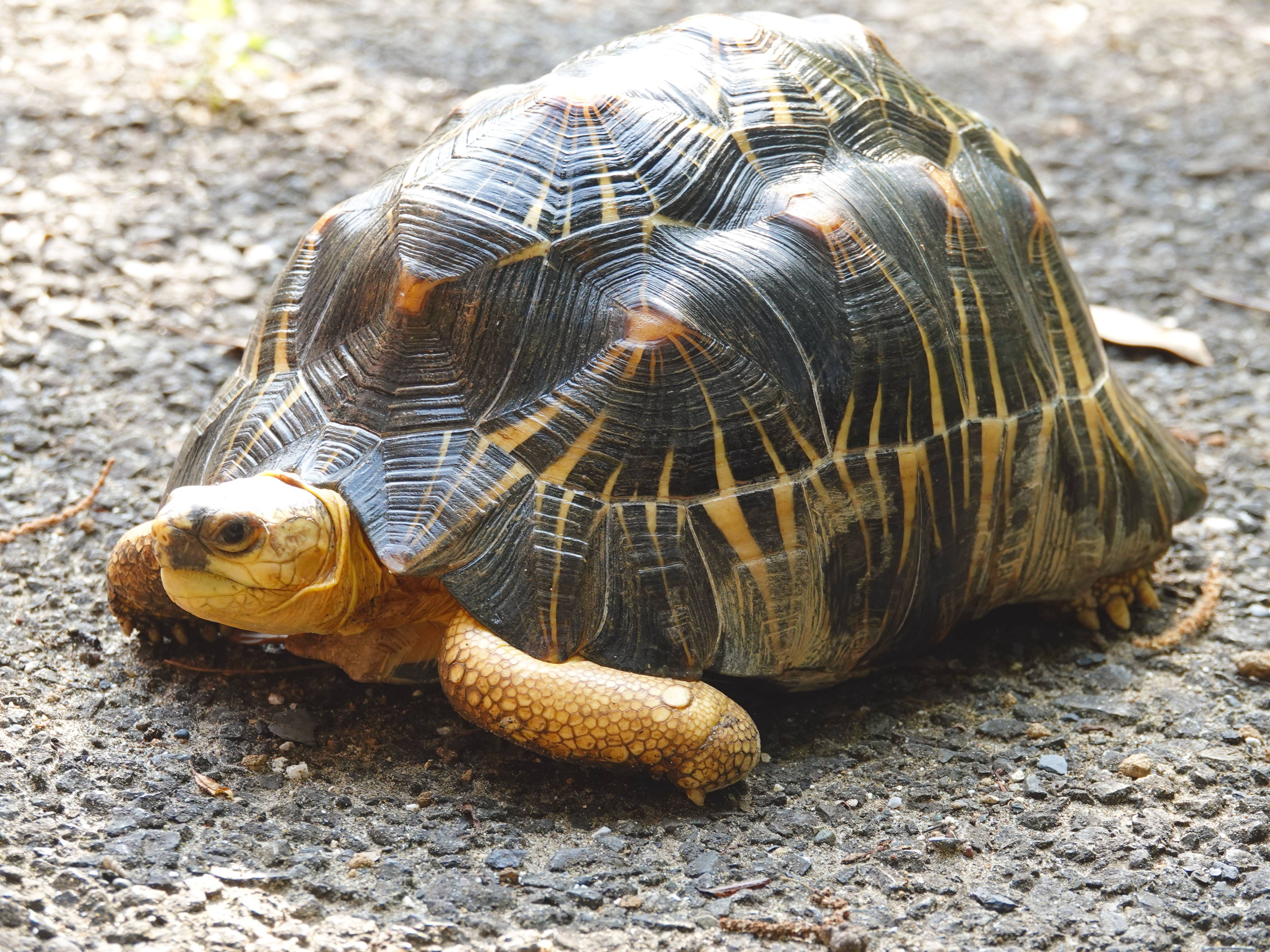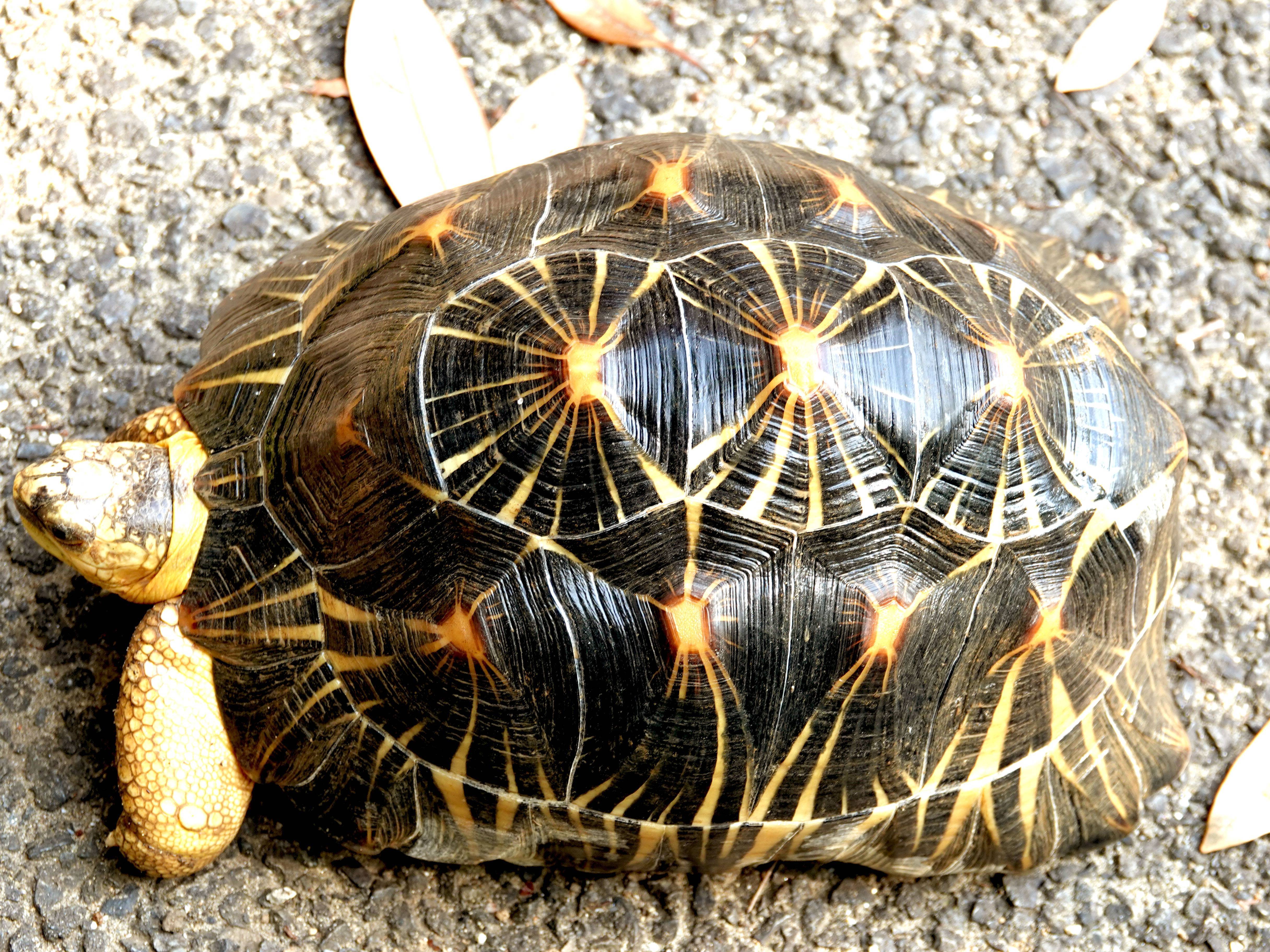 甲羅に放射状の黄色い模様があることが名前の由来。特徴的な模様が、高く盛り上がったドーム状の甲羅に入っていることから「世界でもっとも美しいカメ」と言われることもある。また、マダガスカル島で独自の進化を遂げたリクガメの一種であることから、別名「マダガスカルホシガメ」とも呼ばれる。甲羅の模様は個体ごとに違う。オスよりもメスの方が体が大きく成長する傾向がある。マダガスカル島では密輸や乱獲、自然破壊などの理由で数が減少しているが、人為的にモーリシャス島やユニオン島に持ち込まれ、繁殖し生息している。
---
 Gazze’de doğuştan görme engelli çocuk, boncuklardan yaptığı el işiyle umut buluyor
==
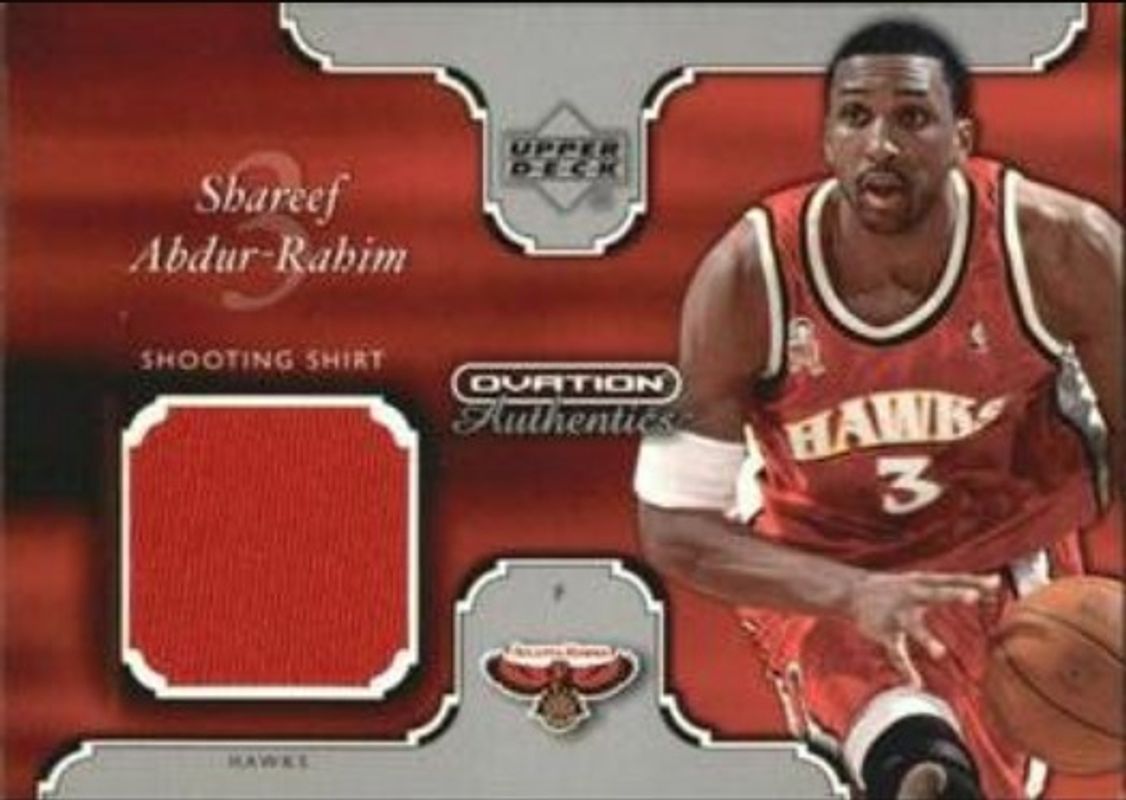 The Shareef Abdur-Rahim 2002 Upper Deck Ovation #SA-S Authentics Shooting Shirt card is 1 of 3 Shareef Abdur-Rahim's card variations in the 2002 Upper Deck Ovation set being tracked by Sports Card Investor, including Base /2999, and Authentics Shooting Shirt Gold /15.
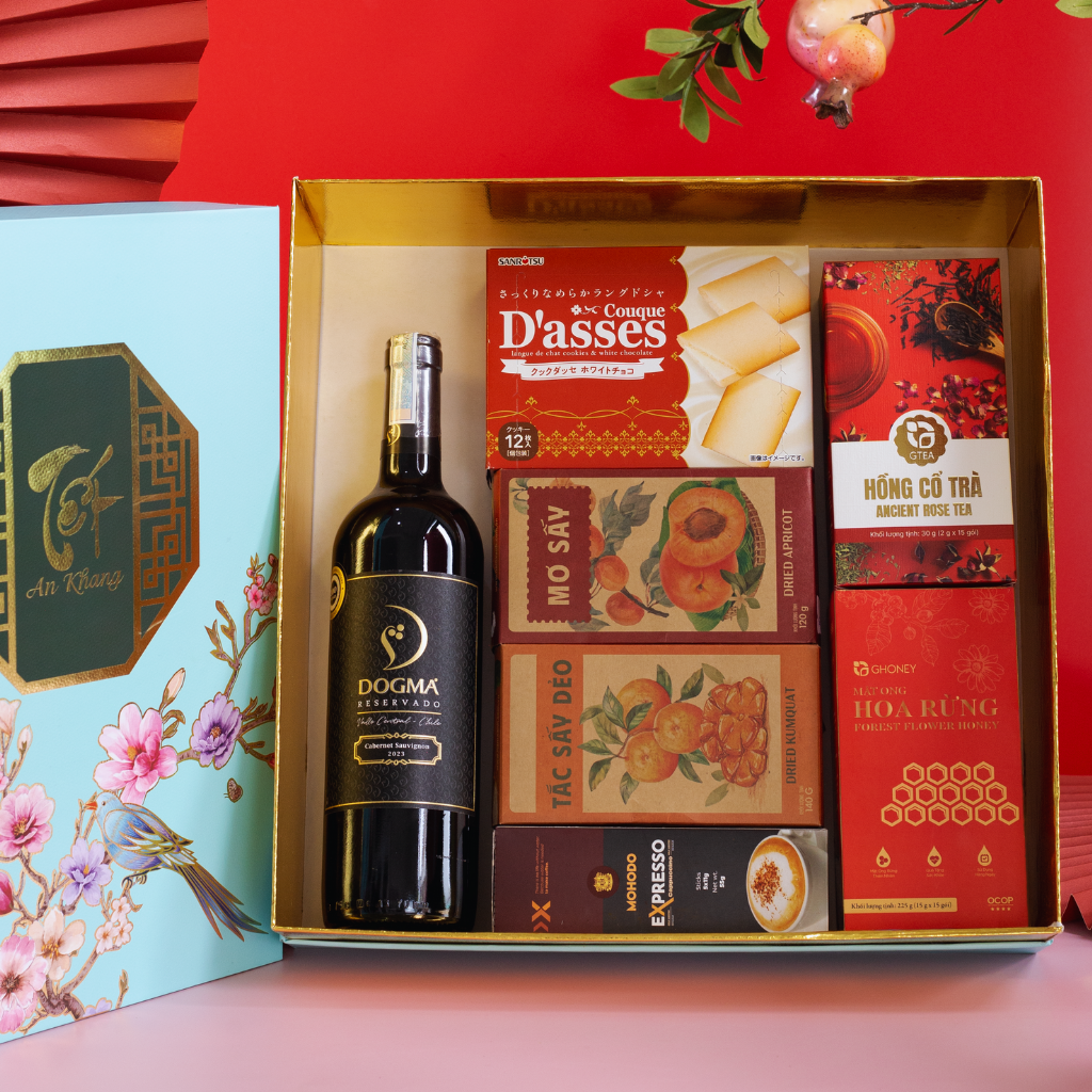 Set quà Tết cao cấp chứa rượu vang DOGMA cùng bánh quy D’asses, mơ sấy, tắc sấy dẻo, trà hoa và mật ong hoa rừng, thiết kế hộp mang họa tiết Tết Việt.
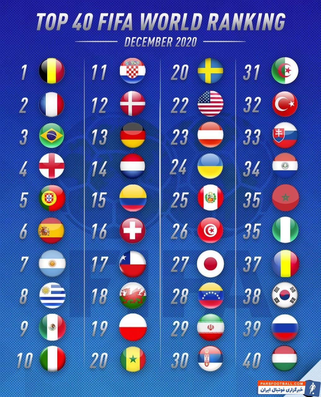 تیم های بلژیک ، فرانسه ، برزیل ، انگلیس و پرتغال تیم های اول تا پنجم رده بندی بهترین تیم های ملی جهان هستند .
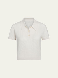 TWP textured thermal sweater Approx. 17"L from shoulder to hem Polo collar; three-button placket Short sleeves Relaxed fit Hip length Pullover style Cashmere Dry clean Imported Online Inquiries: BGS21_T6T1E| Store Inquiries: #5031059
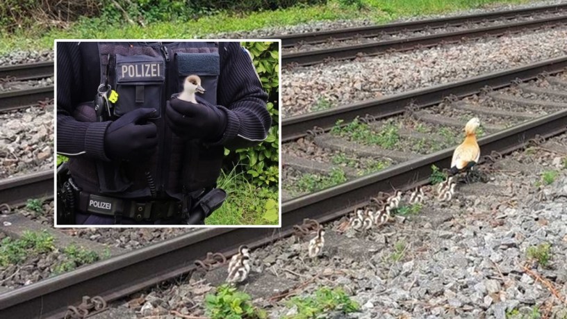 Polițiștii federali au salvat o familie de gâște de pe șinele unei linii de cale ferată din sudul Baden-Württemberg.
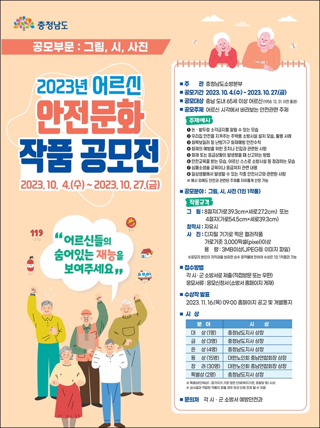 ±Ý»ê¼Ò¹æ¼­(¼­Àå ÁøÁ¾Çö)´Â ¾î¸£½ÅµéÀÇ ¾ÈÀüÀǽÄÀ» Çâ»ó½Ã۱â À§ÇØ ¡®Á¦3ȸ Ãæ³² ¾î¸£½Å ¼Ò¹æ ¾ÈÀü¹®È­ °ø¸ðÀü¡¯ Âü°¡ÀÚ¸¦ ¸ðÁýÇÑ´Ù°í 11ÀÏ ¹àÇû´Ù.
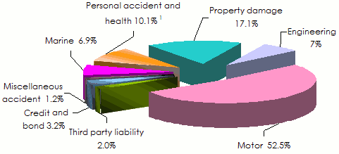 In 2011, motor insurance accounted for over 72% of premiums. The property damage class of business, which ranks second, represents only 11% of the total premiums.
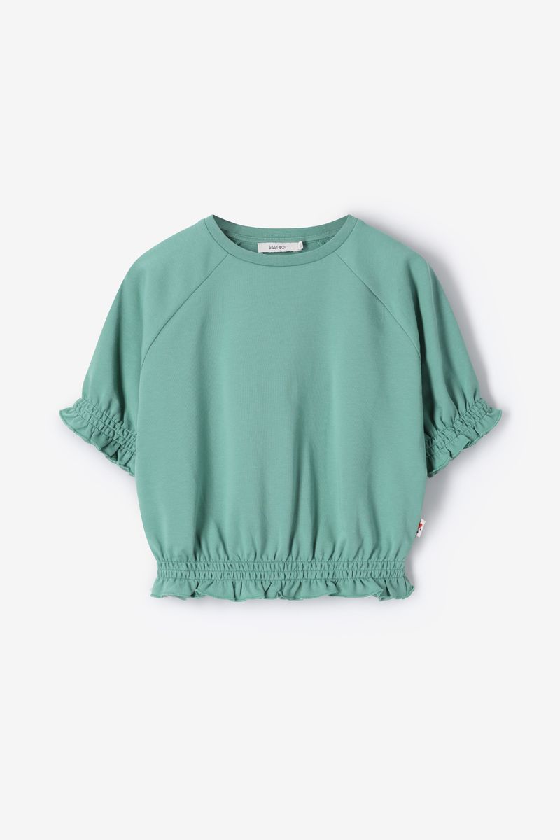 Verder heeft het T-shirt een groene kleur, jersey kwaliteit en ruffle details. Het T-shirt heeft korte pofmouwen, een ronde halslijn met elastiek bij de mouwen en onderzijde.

## What is being asked
Return exactly the part of the listing above that opens with the line containing "Polițiștii federali au" and closes with the line containing "Verder heeft het". Pictures stay out.

## Answer to this exercise
 Polițiștii federali au salvat o familie de gâște de pe șinele unei linii de cale ferată din sudul Baden-Württemberg.
 ±Ý»ê¼Ò¹æ¼­(¼­Àå ÁøÁ¾Çö)´Â ¾î¸£½ÅµéÀÇ ¾ÈÀüÀǽÄÀ» Çâ»ó½Ã۱â À§ÇØ ¡®Á¦3ȸ Ãæ³² ¾î¸£½Å ¼Ò¹æ ¾ÈÀü¹®È­ °ø¸ðÀü¡¯ Âü°¡ÀÚ¸¦ ¸ðÁýÇÑ´Ù°í 11ÀÏ ¹àÇû´Ù.
 In 2011, motor insurance accounted for over 72% of premiums. The property damage class of business, which ranks second, represents only 11% of the total premiums.
 Verder heeft het T-shirt een groene kleur, jersey kwaliteit en ruffle details. Het T-shirt heeft korte pofmouwen, een ronde halslijn met elastiek bij de mouwen en onderzijde.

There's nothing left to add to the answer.